# enabling ftp on apache server



## prasadbhasme

I m a student.......plz any body can help me......

how to enable ftp on apache server (windows platform:4-dontkno).....

i m doing a project where a image file needs to be uploaded through
a web page..... a have designed webpages for the same.....
pages are kept in apache server....... its opening the pages but...
how to upload a file ..... i have got one perl script to do the same....
but i dont no how to make use of that.......

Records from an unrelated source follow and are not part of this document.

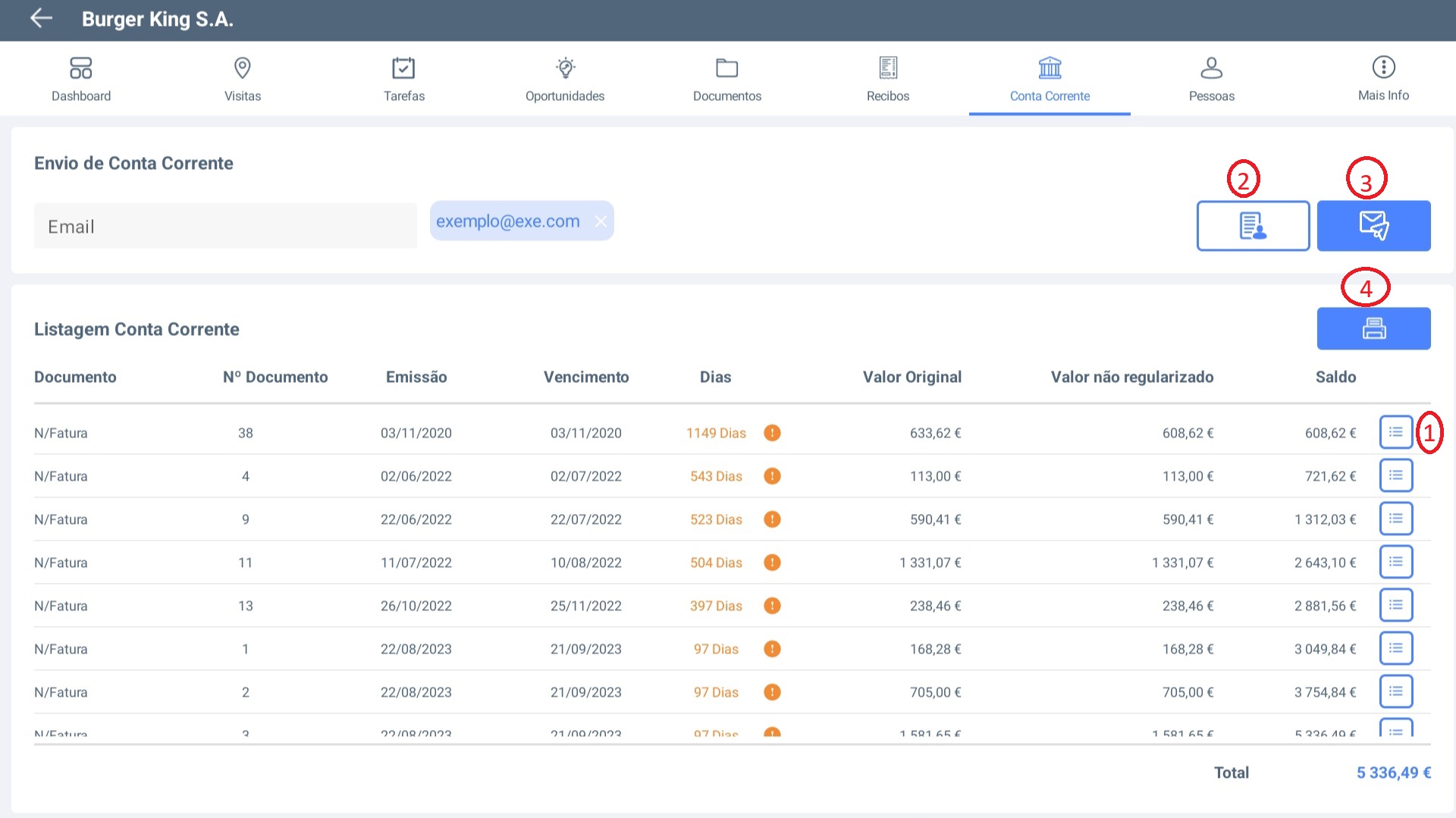 Na página da Conta Corrente terá uma lista das faturas com informação do n° do documento, data de emissão, data de vencimento, dias desde a data de vencimento, valor original do documento, valor não regularizado do documento e o saldo acumulado. Terá a possibilidade de visualizar as linhas de cada documento <mark style="color:red;">(1)</mark>, enviar a conta corrente por e-mail <mark style="color:red;">(2)</mark>, adicionar e-mails associados ao cliente <mark style="color:red;">(3)</mark> e imprimir a conta corrente <mark style="color:red;">(4)</mark>.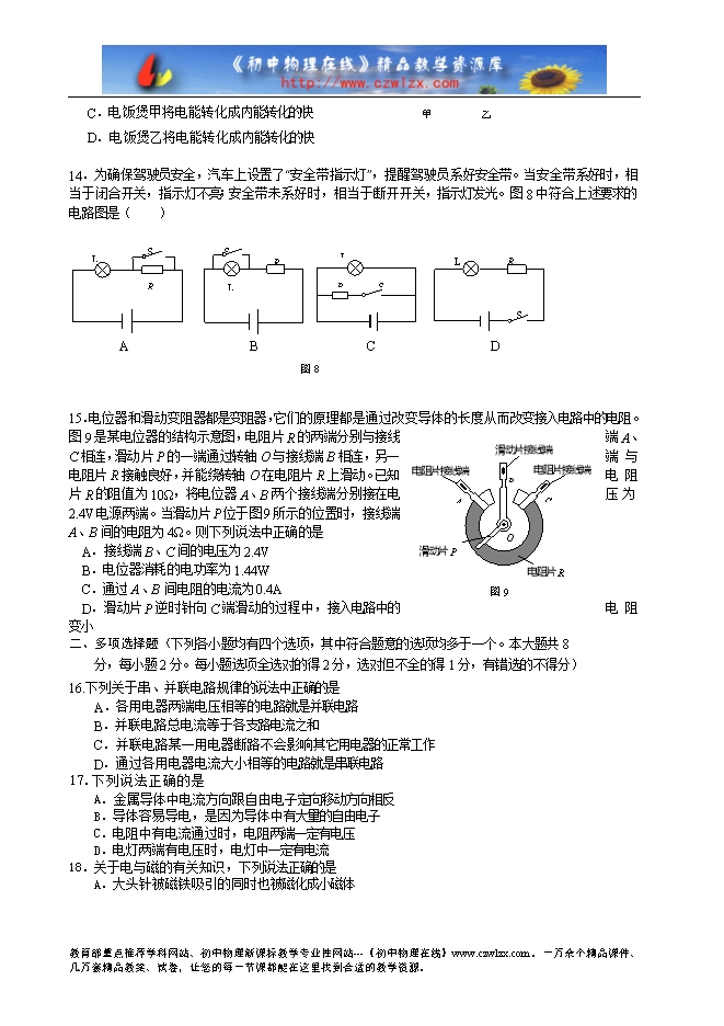 【内容简介】一、单项选择题(下列各小题均有四个选项,其中只有一个选项符合题意。共30分,每小题2分) 1.在国际单位制中,电阻的单位是 A.伏特(V) B.欧姆(Ω) C.焦耳(J) D.瓦特(W) 2.下列物品中,通常情况下属于导体的是 A.不锈钢尺 B.橡胶手套 C.塑料笔杆 D.陶瓷碗 3.家庭电路中,电能表可直接测量 A.电流 B.电压 C.电阻 D.电功 4.第一个发现通电导线周围存在磁场,表明电与磁之间有联系的人是 A.牛顿 B.欧姆 C.奥斯特 D.法拉第 5.在图1所示的电器中,属于利用电流热效应工作的是 6. 将如图2所示的滑动变阻器连入电路,要求当滑动变阻器滑片P向C端移动时,接入电路中电阻变大,则滑动变阻器连入电路的接线柱应是 A. B和D B.A和B C. A和C D.C和D 7.图3所示的四个电路中,开关S闭合后,电源被短路的电路是 8.如图4所示的电路中,将开关S闭合,两个规格不同的小灯泡L1和L2均发光,则下列说法中正确的是 A.灯L1一定比灯L2亮 B.灯L1和灯L2并联 C.灯L1和灯L2两端的电压一定相等 D.通过灯L1和灯L2的电流一定相等 9.关于导体的电阻,如果不考虑温度对电阻的影响,下列说法正确的是 A.铜导线比铝导线的电阻小 B.两根铜导线,长的比短的电阻大 C.长度相同的两根铝丝,粗的比细的电阻大 D.长度相同的两根铜丝,细的比粗的电阻大 10. 某导体接在电路中,如果把加在该导体两端电压减小到原来的一半,保持温度不变,则下列关于导体的电阻和通过它的电流的说法正确的是 A.都减小到原来的一半 B.都保持不变 C.电阻不变,电流减小到原来的一半 D.电阻不变,电流是原来的2倍 ........ ?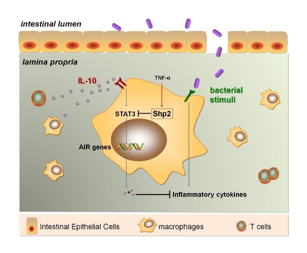 近年来的临床研究显示巨噬细胞对抗炎因子IL-10敏感性与炎症性肠病(IBD)发生存在关联,IL-10已进入IBD治疗的临床试验,解析巨噬细胞IL-10信号的分子靶点对于IBD新型治疗策略有重要意义。柯越海课题组近年来陆续发现酪氨酸磷酸酶Shp2在参与器官区域性免疫方面的重要功能。本课题研究发现,巨噬细胞中Shp2缺失显著降低了小鼠对肠道炎症的易感性并延缓了肠道肿瘤发生,机制研究显示 Shp2的缺失增强了抗炎细胞因子IL-10下游关键转录因子STAT3的磷酸化激活,因此促进了IL-10介导的巨噬细胞抗炎反应和炎癌微环境的调控。Shp2调控IL-10抑炎功能及其临床价值在动物模型的在体水平以及IBD临床样本中得到了进一步验证。同时,研究发现TNF-α能够上调巨噬细胞中Shp2的表达及活化,该阶段性结果为基于IL-10的IBD治疗策略和anti-TNF-α联合治疗策略提供了重要的实验依据。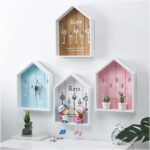 Wood wall mounted hanging key holder box hooks home decoration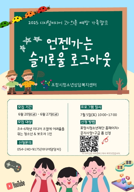 포항시청소년재단 청소년상담복지센터는 오는 7월 5일 디지털 미디어 과의존으로 어려움을 겪는 초등학교 4~6학년 청소년과 학부모를 대상으로 ‘언젠가는 슬기로울 로그아웃 캠프’를 운영한다. 이번 캠프는 ‘디지털 OFF, 감성 ON’을 슬로건으로, 과도한 스마트폰과 디지털 기기 사용에서 벗어나 자연 속에서 가족이 함께 소통하고 정서적 유대를 쌓을 수 있도록 기획됐다. 단순한 통제 중심의 접근을 넘어, 스스로 변화의 필요성을 느끼고 올바른 디지털 사용 습관을 형성할 수 있도록 돕는 것이 핵심 목표다. 주요 프로그램은 ▲숲 체험을 통한 정서 안정 및 자연 교감, ▲가족 요리활동으로 협력과 창의력 향상, ▲부모 대상 디지털 미디어 이해도 향상 교육, ▲레크리에이션을 통한 가족 간 유대감 증진 등으로 다양하게 구성돼 있다. 참가자들은 하루 동안 디지털 기기 없이 오롯이 가족 간 소통과 체험에 집중하며, 일상 속 변화의 실마리를 찾을 수 있는 특별한 기회를 얻게 될 것으로 기대된다. 박시현 포항시청소년상담복지센터장은 “이번 캠프는 디지털 과의존 문제를 단순히 금지하거나 통제하기보다, 가족이 함께 느끼고 자발적으로 변화할 수 있도록 돕는 데 초점을 맞췄다”며, “앞으로도 가정 내 건강한 소통과 성장을 지원하는 참여형 프로그램을 지속 확대해 나가겠다”고 밝혔다. 참가 신청은 포항시청소년재단 홈페이지 또는 구글폼 링크를 통해 가능하며, 무료 진행 및 선착순 마감으로 운영된다. 자세한 문의는 포항시청소년상담복지센터로 하면 된다.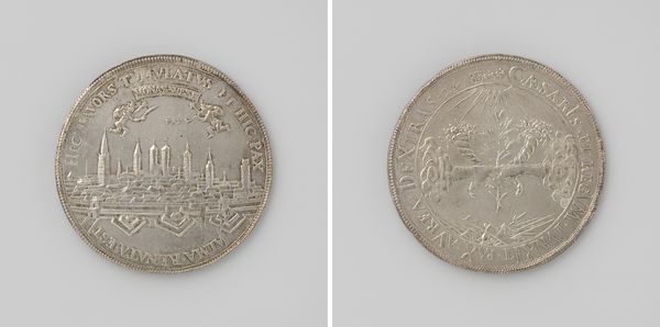 Curator: So, here we have a metal engraving by Nicolaas van Swinderen, made in 1751, titled "Inhuldiging van Willem IV als markies van Vlissingen en Veere." The craftsmanship is remarkable. Editor: Yes, it is stunning, especially considering its small scale. The details of the building and the crowd are quite intricate. It feels very formal and official. How do you interpret its significance? Curator: From a historical perspective, this piece encapsulates a specific moment of political theater. Willem IV's inauguration was a public spectacle carefully orchestrated to solidify his authority. How do you see the layout? It's like a theater set, right? What does this arrangement imply about the event's function? Editor: Definitely! The buildings feel like stage wings framing the crowd and Willem IV. This emphasizes the ceremonial aspect, almost like he's performing for the city. So, it is more than just about him; it's also a performance for his citizens, in a specific urban and historical setting. Curator: Precisely. These formal events like this one shaped the Dutch collective memory and reinforced social hierarchies. The location of the inauguration in Vlissingen and Veere further highlights their economic and strategic importance. Think about how this image might have been distributed and consumed, furthering the political agenda. Editor: It’s amazing to think about how something so small could have such a big impact on solidifying political power. I'm struck by the connection between this single event, its visual representation, and broader cultural narratives. Thank you! Curator: Indeed. Recognizing that relationship helps us decipher how societies construct and preserve power through public events and visual imagery. I learned a lot as well by looking at the stage setting.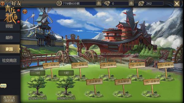 家园系统做为《青丘狐传说》手游休闲娱乐游戏玩法,每日玩家能够栽种招财树,平躺着把钱都挣了。

And one more thing .... how to enable ftp service on apache
:4-dontkno


----------



## ebackhus

There are many programs you can use. The easiest I've found was BulletProof FTP. You do have to pay for it but it's AWESOME.


----------



## Torazar

I would personally go with ProFTPD, which should run on a Windows platform (if I remember correctly). The setup instructions should be with the install package (just Google for it). Apache is the HTTPD service, so it will run independently. After the install of ProFTPD, there may be an Apache directive that needs to be set up (it has been a while), but all of that should be included in the directions.


----------



## Skie

Unless there's another project by the same name, ProFTPD does not work on Windows. And I would strongly recommend against using it. It's slower, larger and less secure then other FTP daemons. PureFTPD is recommended over ProFTPD. 

For Windows, you can use FileZilla Server or BulletProof FTP.


----------